Then he clapped his hands, and a servant appeared from somewhere behind the hut, one of those fierce-looking men who had stopped us at the gate. He saluted the dwarf and stood before him in silence and with bowed head.

“Make two fires,” said Zikali, “and give me my medicine.”

The man fetched wood, which he built into two little piles in front of Zikali. These piles he fired with a brand brought from behind the hut. Then he handed his master a catskin bag.

“Withdraw,” said Zikali, “and return no more till I summon you, for I am about to prophesy. If, however, I should seem to die, bury me to-morrow in the place you know of and give this white man a safe-conduct from my kraal.”

The man saluted again and went without a word.

When he had gone the dwarf drew from the bag a bundle of twisted roots, also some pebbles, from which he selected two, one white and the other black.

“Into this stone,” he said, holding up the white pebble so that the light from the fire shone on it—since, save for the lingering red glow, it was now growing dark—“into this stone I am about to draw your spirit, O Macumazana; and into this one”—and he held up the black pebble—“yours, O Son of Matiwane. Why do you look frightened, O brave White Man, who keep saying in your heart, ‘He is nothing but an ugly old Kafir cheat’? If I am a cheat, why do you look frightened? Is your spirit already in your throat, and does it choke you, as this little stone might do if you tried to swallow it?” and he burst into one of his great, uncanny laughs.

I tried to protest that I was not in the least frightened, but failed, for, in fact, I suppose my nerves were acted on by his suggestion, and I did feel exactly as though that stone were in my throat, only coming upwards, not going downwards. “Hysteria,” thought I to myself, “the result of being overtired,” and as I could not speak, sat still as though I treated his gibes with silent contempt.

“Now,” went on the dwarf, “perhaps I shall seem to die; and if so do not touch me lest you should really die. Wait till I wake up again and tell you what your spirits have told me. Or if I do not wake up—for a time must come when I shall go on sleeping—well—for as long as I have lived—after the fires are quite out, not before, lay your hands upon my breast; and if you find me turning cold, get you gone to some other Nyanga as fast as the spirits of this place will let you, O ye who would peep into the future.”

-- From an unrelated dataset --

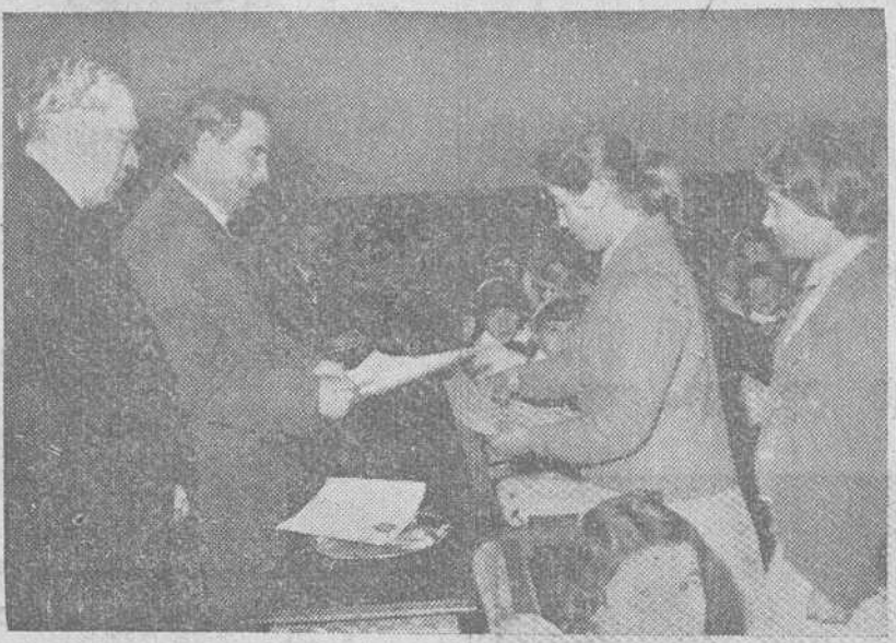
Un momento de la entrega de certificados de Estudios Primarios, a las alumnas de las Escuelas Profesionales Femeninas de la barriada "Juan Yagüe", acto celebrado en la tarde de ayer.

As he spoke he threw a big handful of the roots that I have mentioned on to each of the fires, whereon tall flames leapt up from them, very unholy-looking flames which were followed by columns of dense, white smoke that emitted a most powerful and choking odour quite unlike anything that I had ever smelt before. It seemed to penetrate all through me, and that accursed stone in my throat grew as large as an apple and felt as though someone were poking it upwards with a stick.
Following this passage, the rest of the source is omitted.